▸ **Directions**:
If a record holds a picture, please leave the picture out and copy the rest of the record exactly.

▸ **Record extracts**:
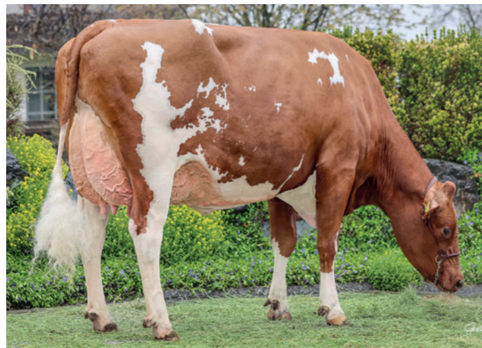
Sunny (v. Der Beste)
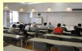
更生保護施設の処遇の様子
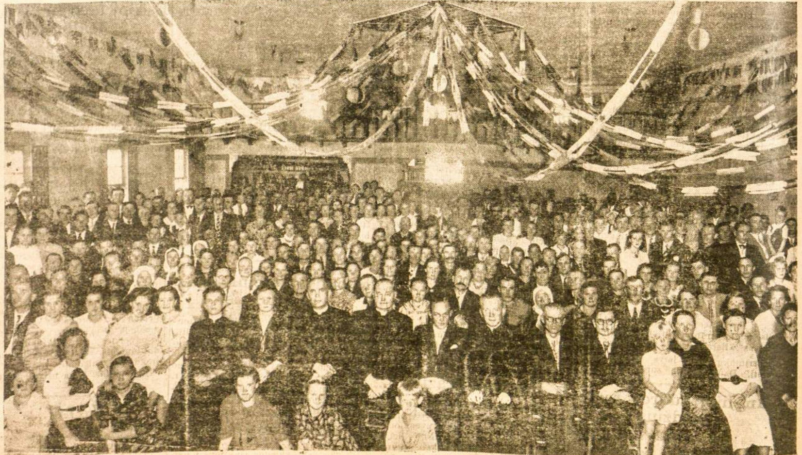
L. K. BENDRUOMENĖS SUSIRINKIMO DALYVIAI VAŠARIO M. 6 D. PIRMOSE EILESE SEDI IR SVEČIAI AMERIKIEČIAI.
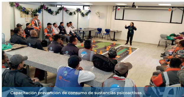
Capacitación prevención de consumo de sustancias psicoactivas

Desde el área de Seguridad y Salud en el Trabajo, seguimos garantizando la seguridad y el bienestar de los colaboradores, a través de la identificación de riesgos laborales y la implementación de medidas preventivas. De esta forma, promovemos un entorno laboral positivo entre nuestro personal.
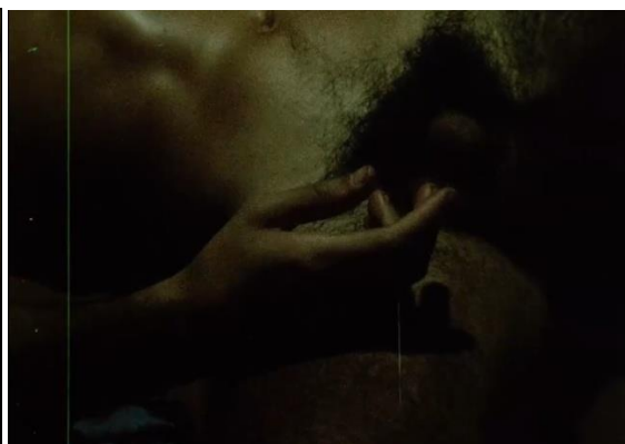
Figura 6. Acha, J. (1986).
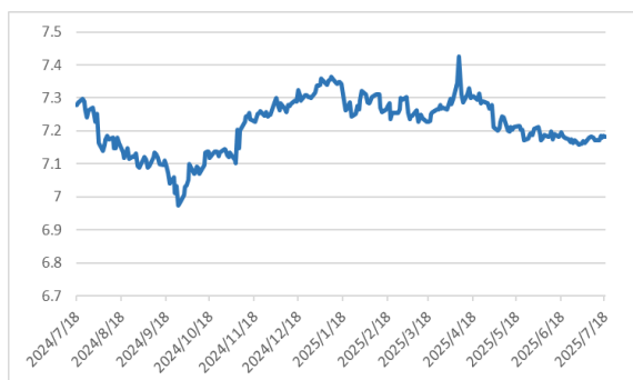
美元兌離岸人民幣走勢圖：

▸ **Written response**:
Sunny (v. Der Beste)
更生保護施設の処遇の様子
L. K. BENDRUOMENĖS SUSIRINKIMO DALYVIAI VAŠARIO M. 6 D. PIRMOSE EILESE SEDI IR SVEČIAI AMERIKIEČIAI.
Capacitación prevención de consumo de sustancias psicoactivas

Desde el área de Seguridad y Salud en el Trabajo, seguimos garantizando la seguridad y el bienestar de los colaboradores, a través de la identificación de riesgos laborales y la implementación de medidas preventivas. De esta forma, promovemos un entorno laboral positivo entre nuestro personal.
Figura 6. Acha, J. (1986).
美元兌離岸人民幣走勢圖：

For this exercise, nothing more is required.